■ Problem to work on: Repeat the listing below in full and exactly. Pictures are to be omitted.

■ Given data:
- - - -

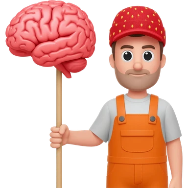 A guy with red hat and orange overalls and more and with some 3D skippity sentence brain rod and more and crazy little strawberry Red Crimson hat emoji
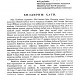 Яшаётган уйимни менинг номимга расмийлаштириб, яъни давлат ордери ёзиб берилишини ва уйимдан Хаитова Гулнорани оиласи билан чиқариб беришларингизни ва мен ва болам тинч ҳаёт кечиришимизни таъминлашларингизни сўрайман. Бу зўравонларга барҳам берилмаса мен 2011 йил 15 августдан бошлаб оммавий ахборот воситаларидан эълон қилган ҳолда Жиззах вилоят ва турли жойларда, бозор дарвозалари,вилоят ва туман ҳокимлиги биноси, прокуратура ва маҳалла бинолари олдида ўзимнинг норозилик намойишларимни ўтказаман.
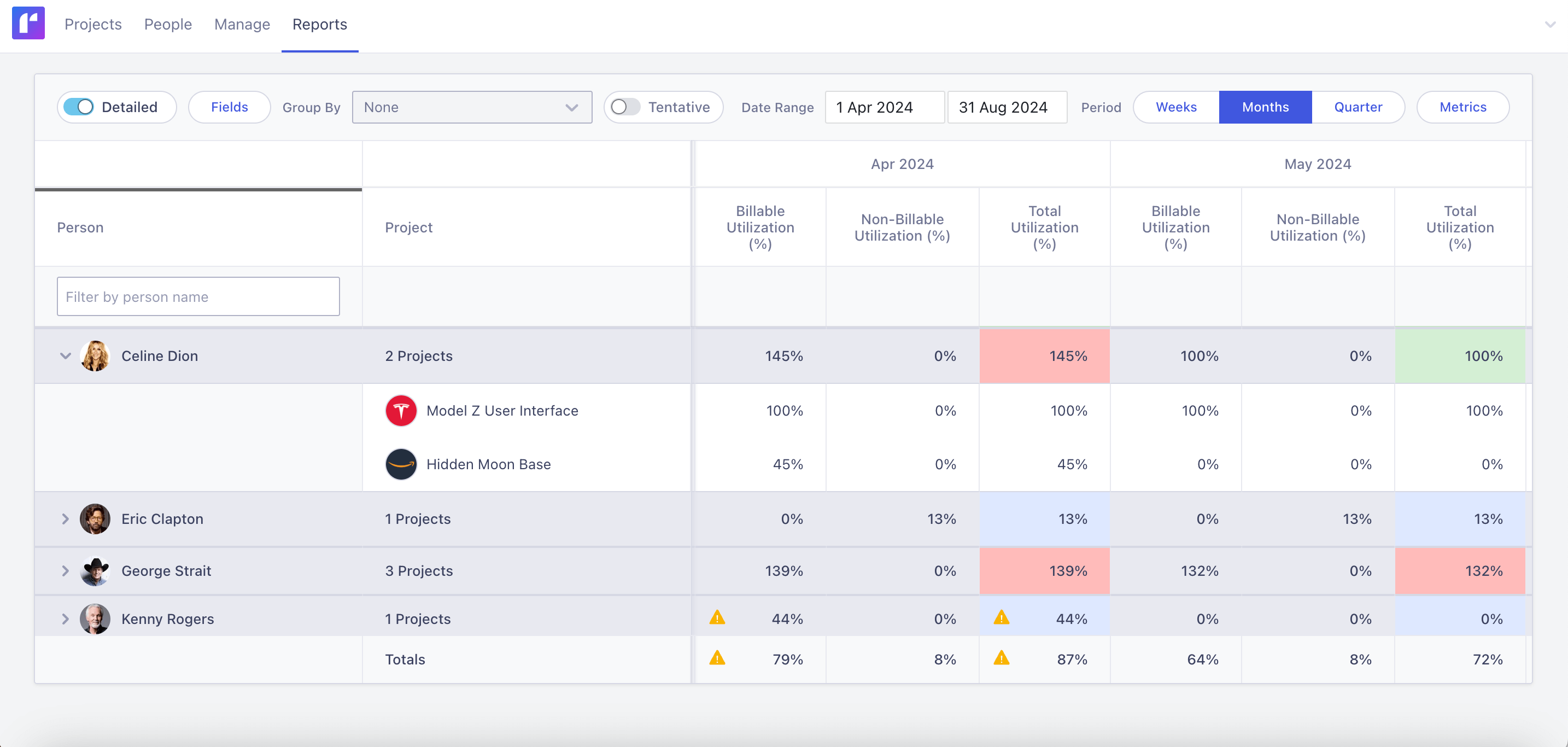 It helps you identify overworked human resources as well as ones who haven’t taken any time off (essential for keeping workplace burnout at bay).
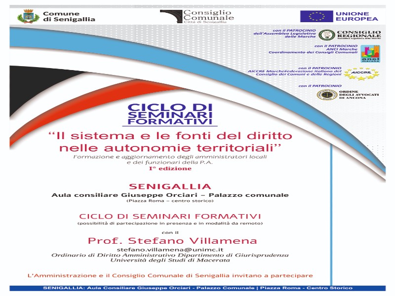 L’Ordine degli Avvocati di Ancona ha patrocinato l’iniziativa, attribuendo a ciascuno dei tre seminari 2 crediti formativi. Info: Ufficio Staff e Segreteria della Presidenza del Consiglio segreteria.consiglio@comune.senigallia.an.it T. (+39) 071 6629372 oppure Area Attività istituzionali – Responsabile P.O. margherita.rubino@comune.senigallia.an.it T. (+39) 071 6629377.

- - - -

■ Task response:
 A guy with red hat and orange overalls and more and with some 3D skippity sentence brain rod and more and crazy little strawberry Red Crimson hat emoji
 Яшаётган уйимни менинг номимга расмийлаштириб, яъни давлат ордери ёзиб берилишини ва уйимдан Хаитова Гулнорани оиласи билан чиқариб беришларингизни ва мен ва болам тинч ҳаёт кечиришимизни таъминлашларингизни сўрайман. Бу зўравонларга барҳам берилмаса мен 2011 йил 15 августдан бошлаб оммавий ахборот воситаларидан эълон қилган ҳолда Жиззах вилоят ва турли жойларда, бозор дарвозалари,вилоят ва туман ҳокимлиги биноси, прокуратура ва маҳалла бинолари олдида ўзимнинг норозилик намойишларимни ўтказаман.
 It helps you identify overworked human resources as well as ones who haven’t taken any time off (essential for keeping workplace burnout at bay).
 L’Ordine degli Avvocati di Ancona ha patrocinato l’iniziativa, attribuendo a ciascuno dei tre seminari 2 crediti formativi. Info: Ufficio Staff e Segreteria della Presidenza del Consiglio segreteria.consiglio@comune.senigallia.an.it T. (+39) 071 6629372 oppure Area Attività istituzionali – Responsabile P.O. margherita.rubino@comune.senigallia.an.it T. (+39) 071 6629377.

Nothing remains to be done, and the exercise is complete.